**Your goal:** With the pictures left out, please write out exactly each line from the one containing "Budynek posadowiono na" through the end of the material.

**Data:**
------------------------------

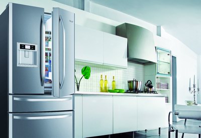 从外观上来看,传统对开门冰箱一直沿用左右开门设计。由于在结构上从未有新的突破,导致后来各企业制造传统对开门冰箱时,只能是简单地变换门体颜色、手把等,而海尔法式对开门冰箱却是全新的外观设计——打开上面的对开门设计,看到的是一个完整的冷藏空间。
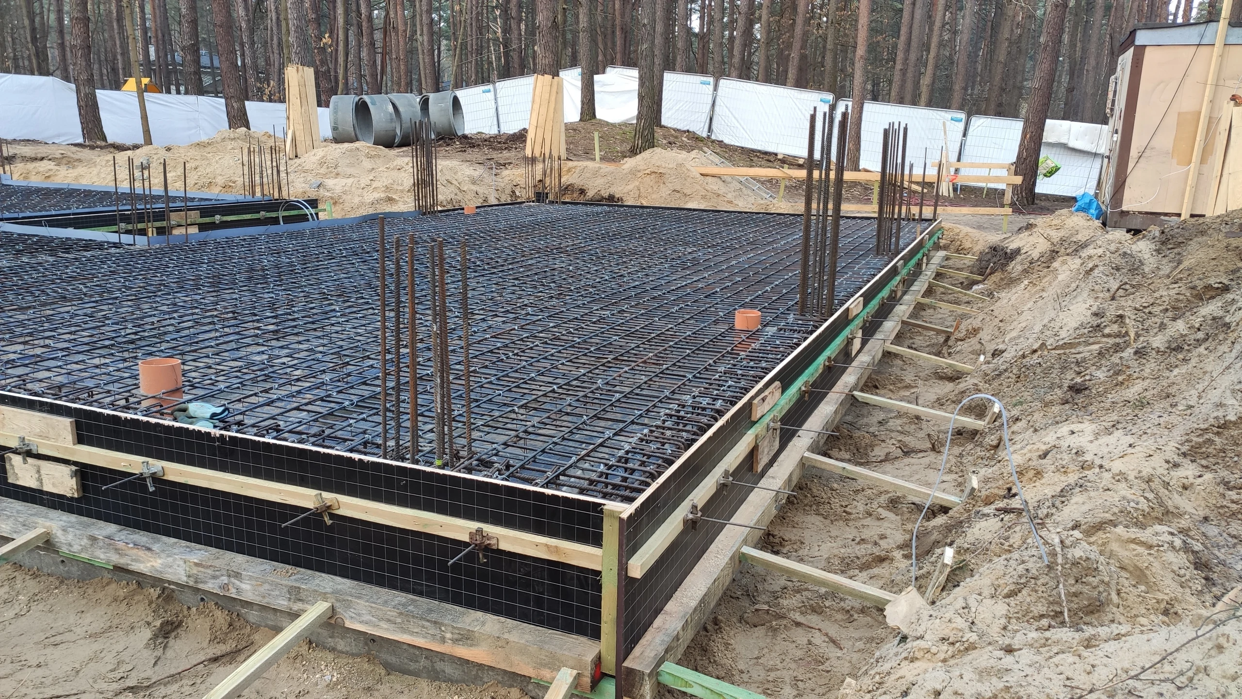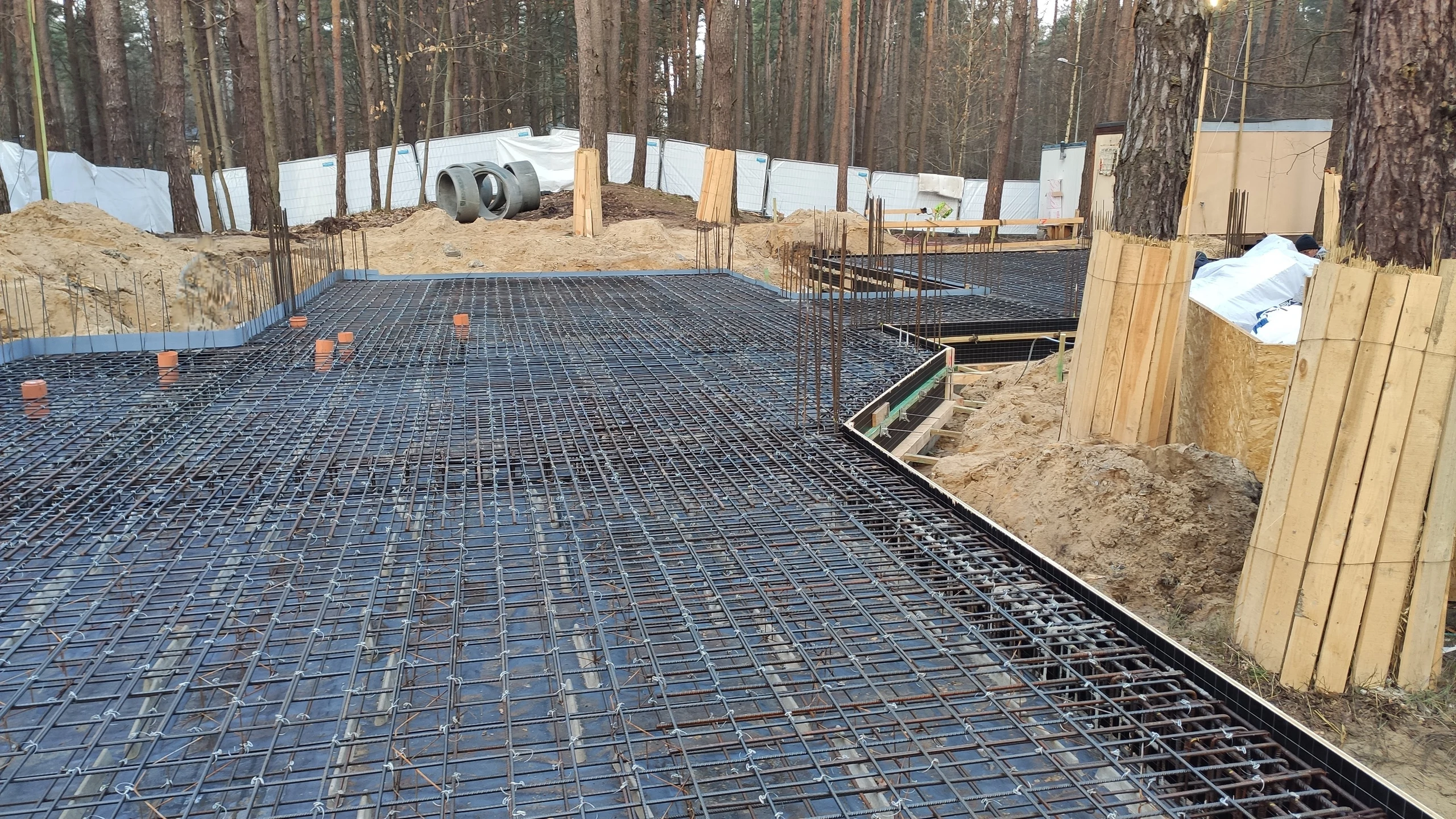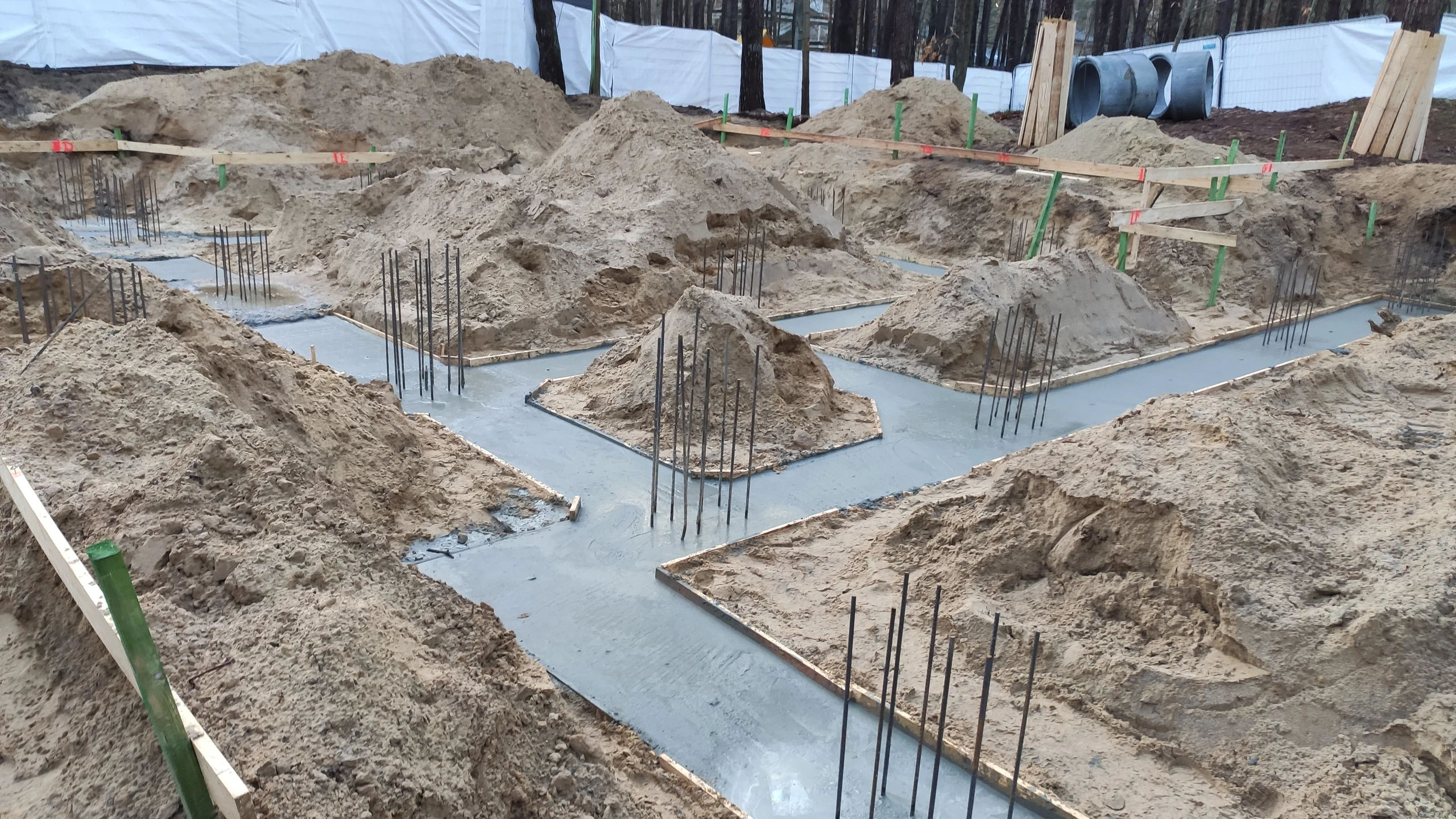 Budynek posadowiono na płycie fundamentowej opartej na studniach i ławach fundamentowych.
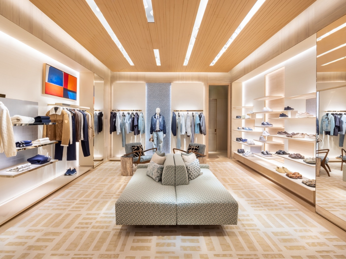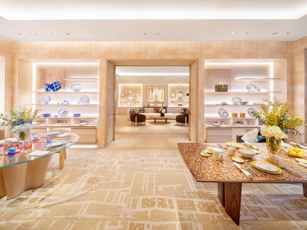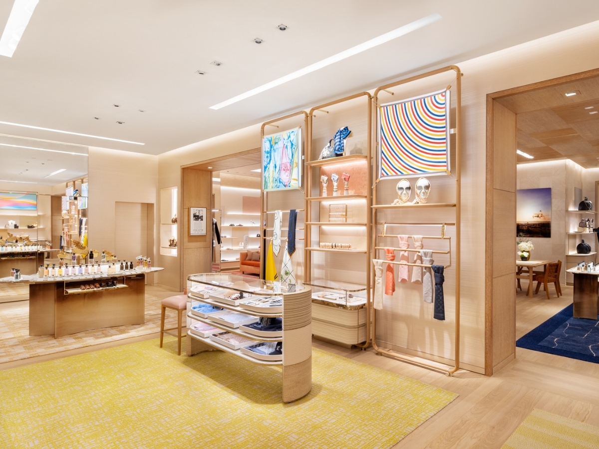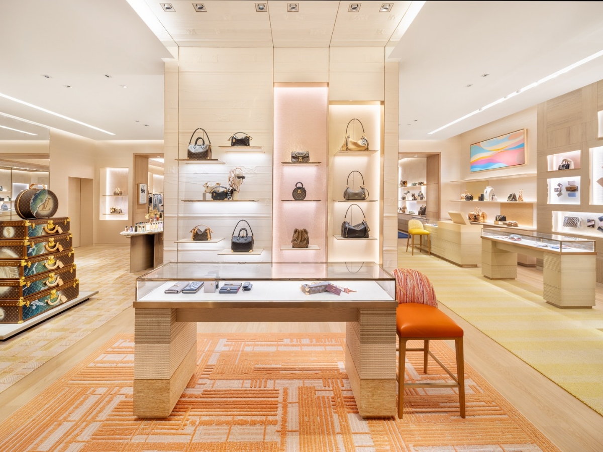 The store offers a complete universe of Louis Vuitton creations, from women’s and men’s ready-to-wear to leather goods, shoes, accessories, watches, jewelry, and fragrances. On the second level, an intimate private salon provides a setting for personalized appointments and bespoke services, reinforcing the Maison’s dedication to craftsmanship and experience.
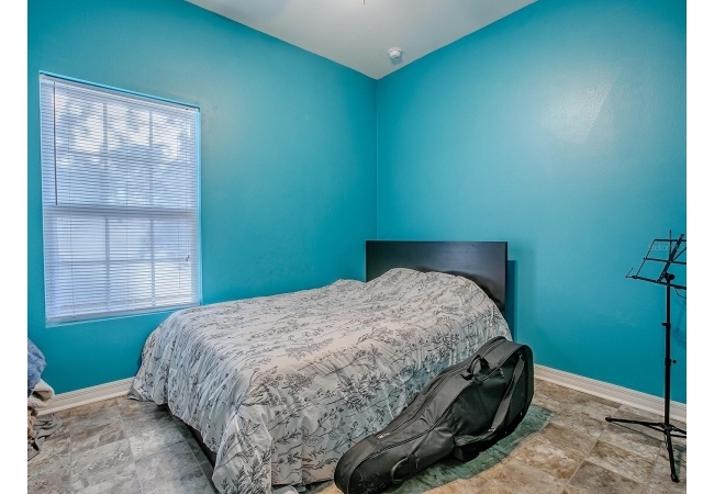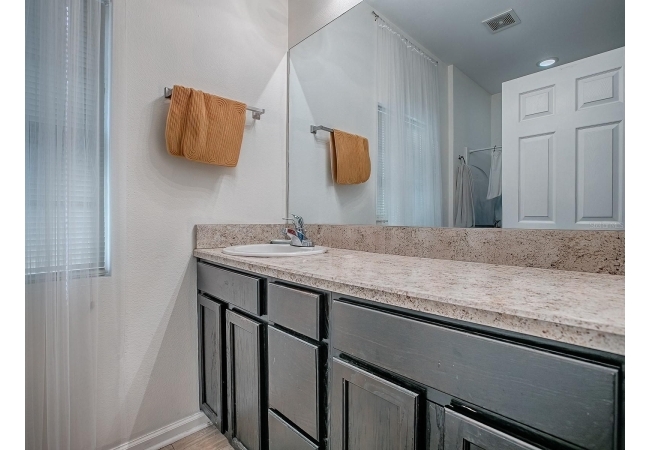 Down the hall, you'll find the primary bedroom, a serene retreat that's privately situated away from the rest of the house. The primary bathroom features a single sink double vanity and a shower, perfect for starting your day off right.

------------------------------

**Written response:**
 Budynek posadowiono na płycie fundamentowej opartej na studniach i ławach fundamentowych.
 The store offers a complete universe of Louis Vuitton creations, from women’s and men’s ready-to-wear to leather goods, shoes, accessories, watches, jewelry, and fragrances. On the second level, an intimate private salon provides a setting for personalized appointments and bespoke services, reinforcing the Maison’s dedication to craftsmanship and experience.
 Down the hall, you'll find the primary bedroom, a serene retreat that's privately situated away from the rest of the house. The primary bathroom features a single sink double vanity and a shower, perfect for starting your day off right.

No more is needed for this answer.